Let's discuss active learning briefly. I attended (or ran) several sessions focused on this class of techniques. The basic idea is that students have better engagement and learning by actively participating in class. There are a variety of techniques that work to help increase student activity. On Thursday afternoon, Sat Garcia of USD, presented Improving Classroom Preparedness Using Guided Practice, which showed how student learning improved from participating in Peer Instruction, which particularly requires students to come to class prepared. Shortly later, Cynthia Taylor joined Sat and I in organizing a Bird of Feather (BoF) session on using Active-learning in Systems Courses. We had about 30-40 attendees there split into two groups discussing some techniques they have used and problems they have observed. 5 years ago, a similar BoF had attendance around 15-20, so we are making progress as a field.

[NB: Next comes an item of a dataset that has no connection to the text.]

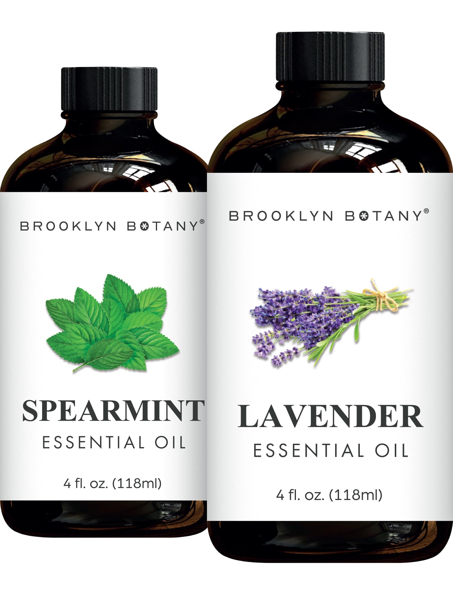 Brooklyn Botany Spearmint & Lavender Essential Oils 4 Fl Oz (Pack of 2) 100% Pure & Natural Calming & Fresh Aromatherapy Blend

On Friday, I spoke with Brandon Myers who has done work on using POGIL in Computer Organization and Architecture. In POGIL, students are working in groups of 3-4 with specific roles through a guided learning, guiding students into discovering the concepts themselves. We had a nice conversation and may be merging our draft resources. This last point is often the tricky part of using active learning in that developing reasonable materials can be both time intensive and requires several iterations.
The Friday morning keynote presentation was given by Tim Bell, who spoke about K-12. This topic is rather distant from my own work and research, so I was skeptical. Yet, I came out quite enthused. It was interesting to think about presenting Computer Science concepts in non-traditional ways, based initially on having to explain your field at elementary school when the other presenters are a cop and a nurse (his example). How could you get 6 year olds to sort? Or see the advantage of binary search as the data grows?
In the afternoon, I was a session chair for the first time. I moderated the session on Errors, so obviously the AV system stopped working for a short duration. Beyond that incident, the session seemed to go well.
I always like going to SIGCSE. It is rejuvenating and exhausting. So many teachers to speak with about courses, curriculum, and other related topics. And then you find that you've been social for 16 hours or so hours.